In a groundbreaking legal clash affecting future AI model training, The New York Times (NYT) has taken on OpenAI in a trendsetting copyright infringement lawsuit. Filed in the Federal District Court in Manhattan on December 27, 2023, the case portends to define how AI model developers can train LLMs and the new risks regarding copyright infringement.
The Allegations
The crux of the lawsuit centers around OpenAI’s unauthorized use of millions of NYT articles to train its generative AI models and tools. OpenAI trained ChatGPT with NYT content and presents query results as though ChatGPT alone generated the response, the NYT claims misrepresentation of authorship.The NYT contends that this constitutes copyright infringement, as OpenAI allegedly copied and utilized their content without proper authorization.
Reasons for the Lawsuit
- Training Data Ethics: The lawsuit underscores the ethical complexities of using copyrighted material as training data for AI models. While AI developers innovate, they must navigate the legal boundaries of fair use and intellectual property rights. The NYT’s legal action serves as a wake-up call for AI companies to tread carefully when sourcing training data.

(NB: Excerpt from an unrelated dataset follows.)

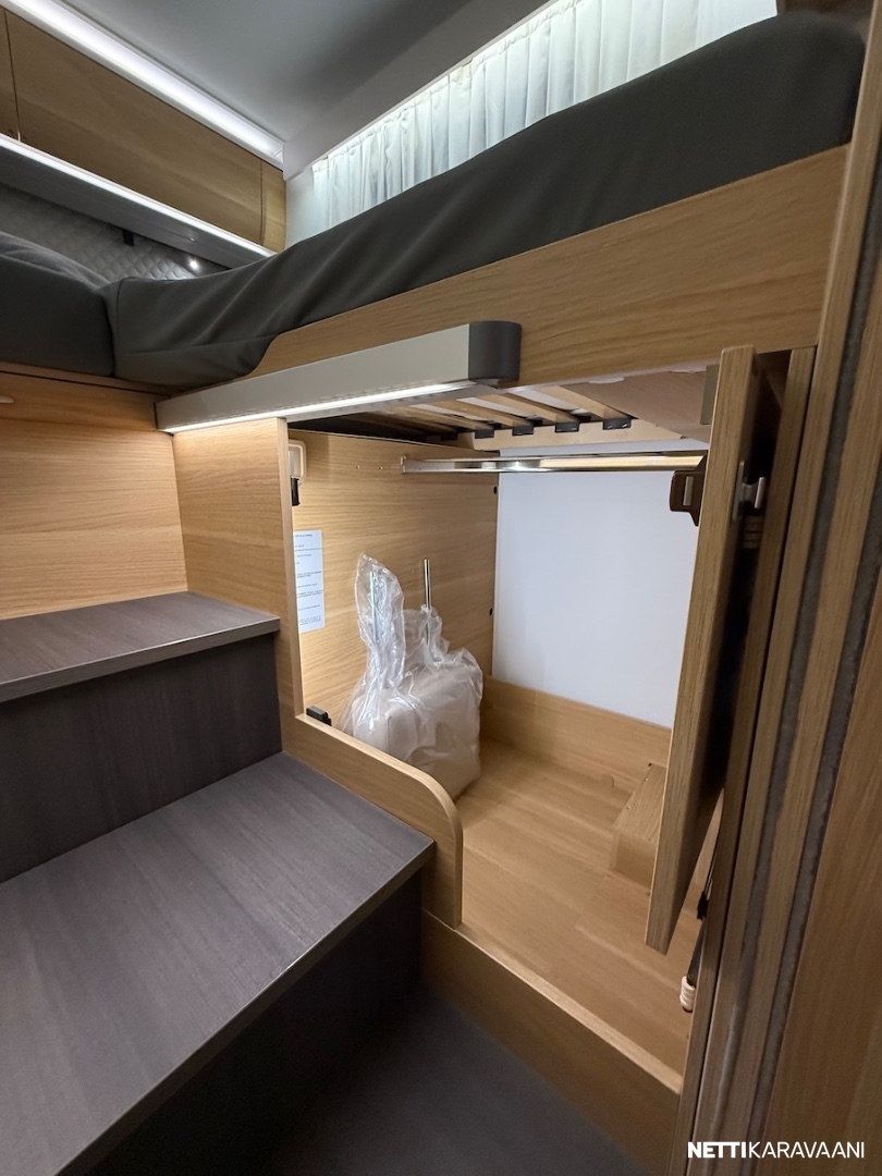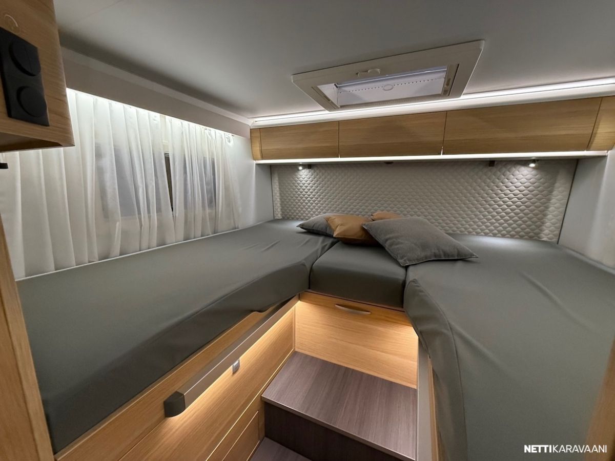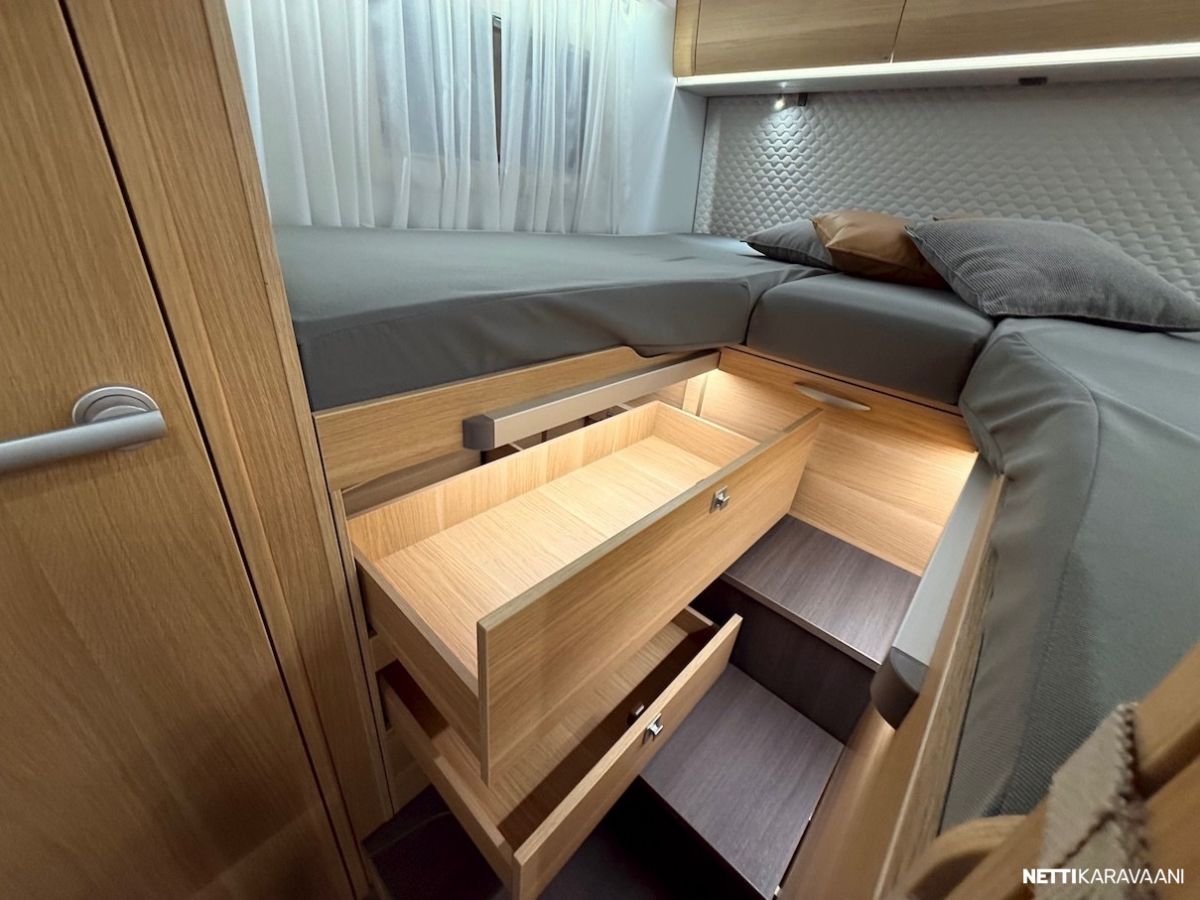 Malliston kohokohtia mm. nestelämmitetty tasainen kaksoislattia ja erittäin tilava sähkökäyttöinen nostovuode.

- Attribution and Accuracy: OpenAI’s models, including ChatGPT, have gained widespread adoption. However, the lawsuit highlights the importance of accurate attribution. When AI-generated content references or displays journalistic work, it must do so faithfully. Misattribution can harm reputations and mislead audiences, emphasizing the need for robust verification mechanisms.
- Commercialization and Responsibility: As AI technologies become more commercially viable, developers must recognize their responsibility. The lawsuit prompts AI companies to consider the impact of their products on society. An AI system’s commercial success and reach has to be balanced against the rights of the original human content creators that provided the data to train the model.
Interpreting Fair Use For AI Model Development
Fair use of copyrighted material for AI developers hinges on four concerns:
- The purpose and character of the use: If the material remains largely unchanged, then the Ai developers could be stepping on copyright restrictions. If the AI developers transform the base material or data significantly, then the copyright laws are far more lenient.
- The nature of the original copyrighted material: Art work and creative content of all forms receives tighter copyright protection than more fact based or prosaic material.
- How much copyrighted material did the AI model use: Naturally, using all the copyrighted material implies direct infringement of the creators rights. Using only a small portion of the material is generally considered fair use.
- The effect the use has on the potential market value of the copyrighted material. This is perhaps the central issue for the NYT vs OpenAI. The NYT, justifiably, is concerned that OpenAI’s use of the decades of content created with nearly incalculable costs and human talent, will substantially diminish the value of the NYT business.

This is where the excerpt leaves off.